Waarom worden de middelen overbruggingskrediet die in 2019 door Sint Maarten zijn afgelost pas verwerkt in de jaarstukken 2020?
Antwoord:
Zie ook het antwoord bij vraag 17. Op de Aanvullende Post is voor de Wederopbouw Sint Maarten nog circa € 100 mln. beschikbaar. De verwachting is dat deze middelen in 2021 worden uitgekeerd aan het Trustfonds. Dit is dan de vierde en laatste tranche. Er worden dus middelen van de Aanvullende Post gehaald, er wordt niets toegevoegd aan de Aanvullende Post voor artikel 8. Het overbruggingskrediet voor de luchthaven is in 2019 verleend en in 2020 terugbetaald.
20
Vraag:
Waarom wordt er gewerkt met een wisselkoersreserve en niet met een wisselkoersverzekering?
Antwoord:
In 2016 is in overleg met het Ministerie van Financiën besloten om gebruik te maken van een wisselkoersreserve. Wanneer gebruik wordt gemaakt van renteswaps als een wisselkoersverzekering zijn de kosten mogelijk hoger voor de Staat der Nederlanden, omdat het afdekken van wisselkoersrisico’s en afsluiten van renteswaps ook kosten met zich meebrengt. De wisselkoersreserve dekt zowel wisselkoerswinsten als verliezen en is daarmee een betere (financiële) optie om wisselkoersrisico’s af te dekken.
21
Vraag:
Waarom verwacht de regering bij de liquiditeitssteun in 2021 nog steeds gebruik te moeten maken van artikel 2.27 van de Comptabiliteitswet? In hoeverre is dan nog sprake van een uitzonderlijke situatie, want gebleken is dat met een spoedprocedure een wet ook snel door het parlement kan gaan?
Antwoord:
Op 26 maart jl. heeft de Staatssecretaris uw Kamer geïnformeerd dat zolang een raming voor de liquiditeitsbehoefte voor heel 2021 door het C(A)ft niet kan worden opgesteld, omdat de onderliggende gegevens voor heel 2021 hiertoe naar het oordeel van C(A)ft onvoldoende solide zijn, een beroep op artikel 2.27 van de Comptabiliteitswet noodzakelijk blijft (Kamerstuk 35 420, nr. 245). Met een verwijzing naar de reactie van de Algemene Rekenkamer over dit onderwerp heeft de Staatssecretaris het C(A)ft vorige week opnieuw verzocht om een raming voor de liquiditeitsbehoefte voor 2021. Daarnaast verkent de Staatssecretaris samen met zijn collega van Financiën de mogelijkheden om voor toekomstige liquiditeitsleningen de middelen te verstrekken op een wijze waarbij de begrotingsautorisatie van Uw Kamer en de Eerste Kamer gestand kan worden gedaan.
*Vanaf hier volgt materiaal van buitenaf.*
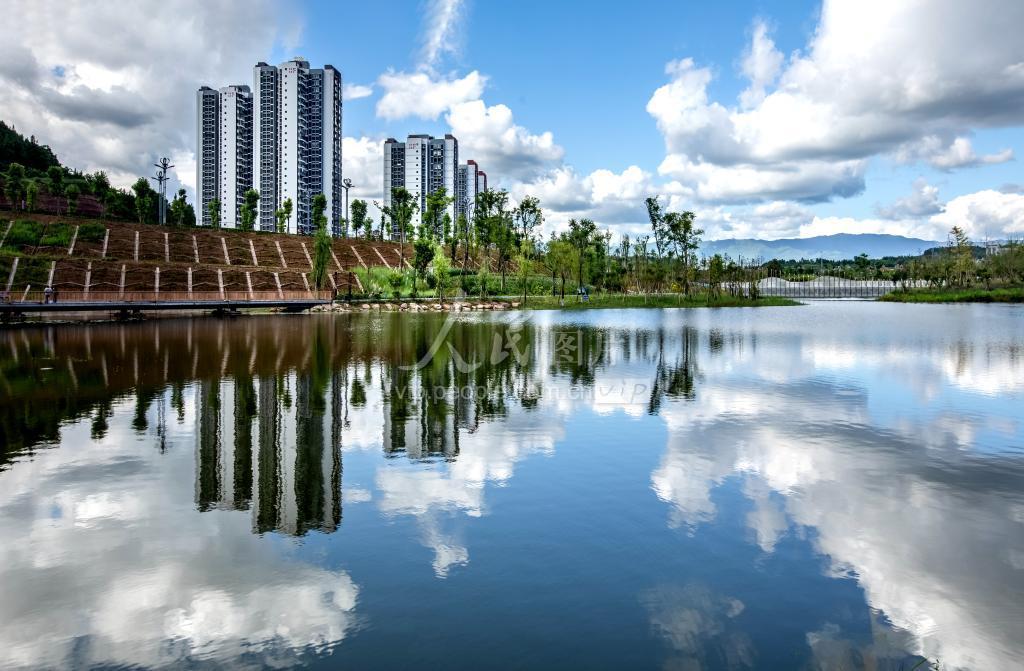 2021年8月27日,四川省巴中市通江县高明湖湿地公园,碧海蓝天,白云朵朵,景美如画。
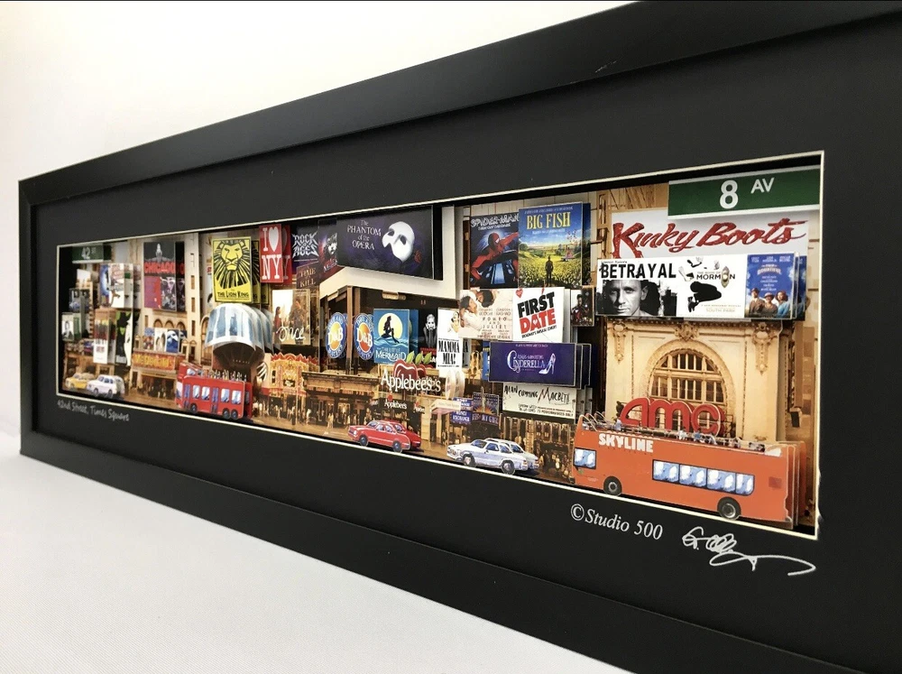 This one-of-a-kind 3D paper cut artwork depicts the iconic 42nd Street in New York City, featuring LED lights that bring the scene to life. Measuring 24 inches in width, 10 inches in height, and 1 inch in depth, this piece is framed and ready to hang. The artwork is handmade and signed by artist Ge Wang, who created a detailed 3D representation of the street, complete with copyrights and a certificate of authenticity. This piece is perfect for any art enthusiast or lover of New York City, and would make a great addition to any collection.
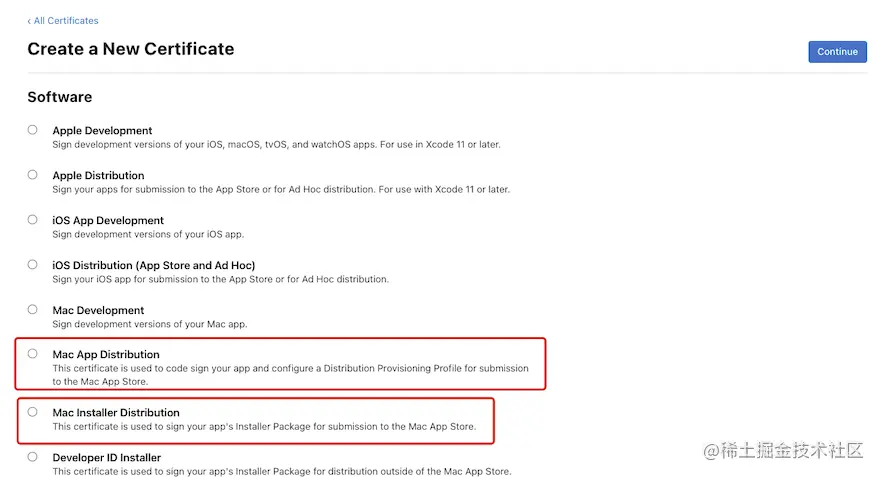 Mac App DistributionMac应用程序分发 和Mac Installer DistributionMac安装程序分发,选择其中一个,点击右上角Continue继续按钮:
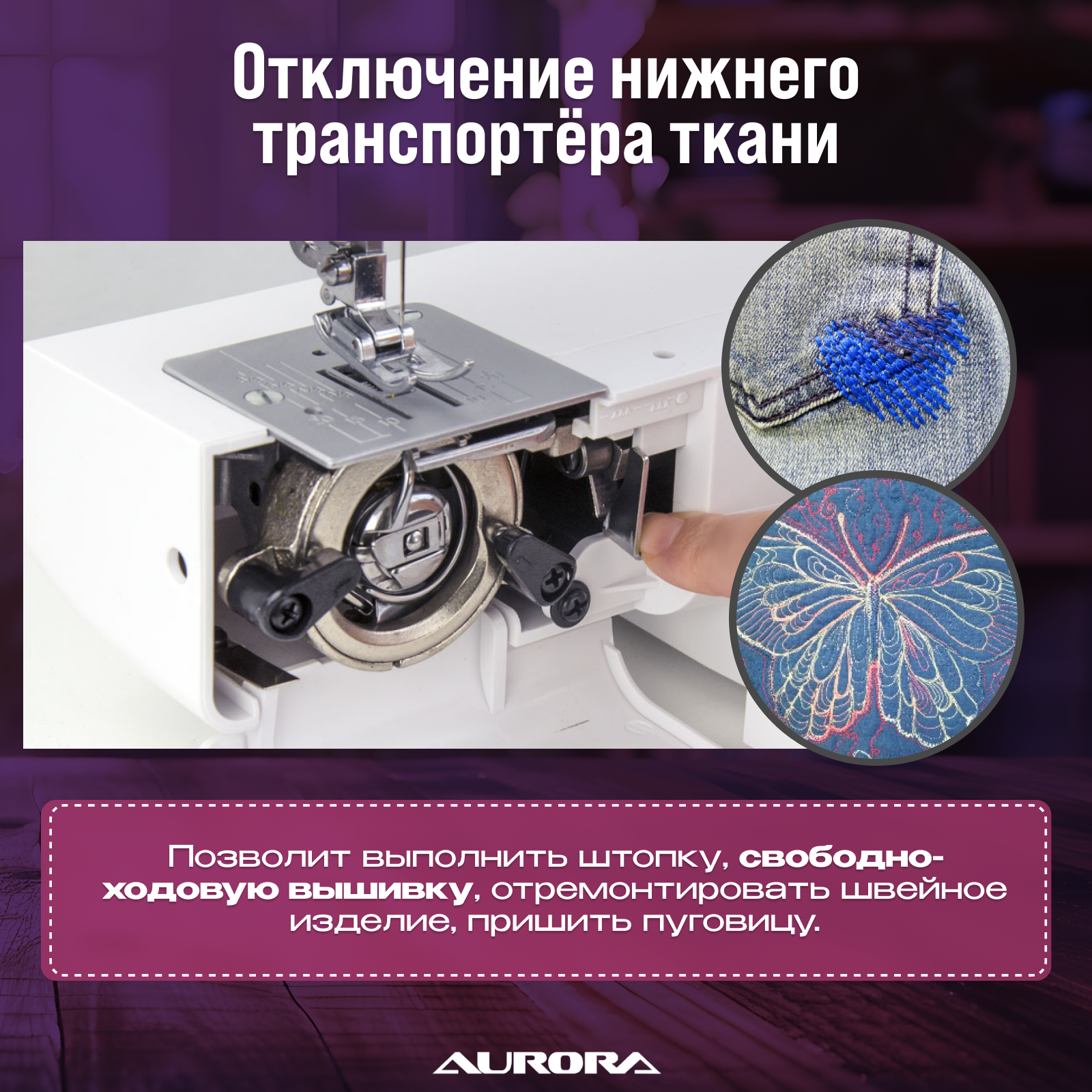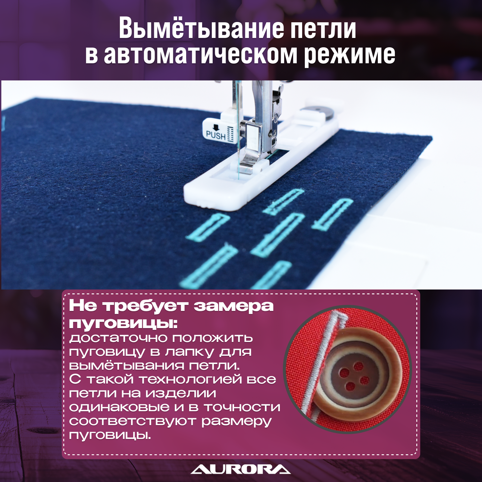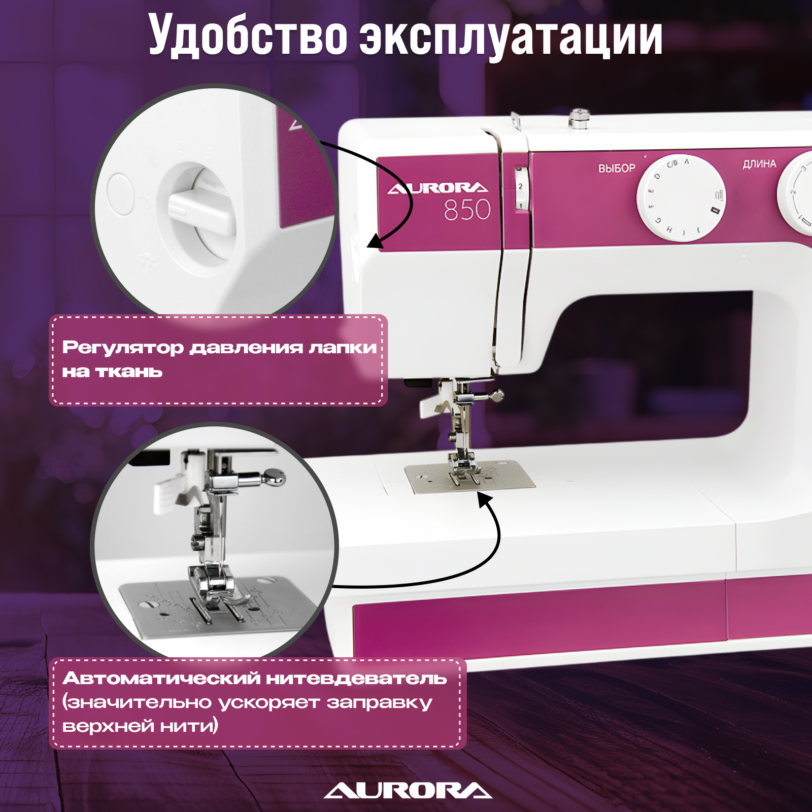 Швейная машинка AURORA 850 розовый, расширенная комплектация лапок, металлический вертикальный челнок. интересное:

Zijn streven is om uw Kamer voor de eventuele verstrekking van liquiditeitsleningen over het vierde kwartaal 2021 uitsluitsel te geven.
22
Vraag:
Welke concrete beleidsdoelen zijn er geformuleerd in de begroting, welke beleidsindicatoren en hoe zijn de doelstellingen SMART (specifiek, meetbaar, acceptabel, realistisch en tijdgebonden) gemaakt als het gaat om de doelmatigheid (artikel 3.1 van de Comptabiliteitswet)?
Antwoord:
Voor ieder beleidsartikel is in de begroting een beleidsdoelstelling opgenomen. Zo is de beleidsdoelstelling van Artikel 1 Versterken rechtstaat bijvoorbeeld het bevorderen van goed bestuur door een bijdrage te leveren aan het versterken van de rechtsstaat van de landen Aruba, Curaçao en Sint Maarten. Voor de beleidsdoelstellingen van de overige artikelen verwijst de Staatssecretaris u naar de begroting. Gelet op de veelal stimulerende en regisserende rol van de Minister van BZK zijn er in begrotingshoofdstuk IV Koninkrijksrelaties geen beleidsindicatoren opgenomen. Indicatoren worden immers alleen in de begroting opgenomen wanneer sprake is van een uitvoerende rol, of wanneer sprake is van prestatie-overeenkomsten waar financiële consequenties aan worden verbonden. De beleidsdoelstellingen in begrotingshoofdstuk IV zijn kwalitatief ingevuld, zo ook de zogenoemde SMART-criteria.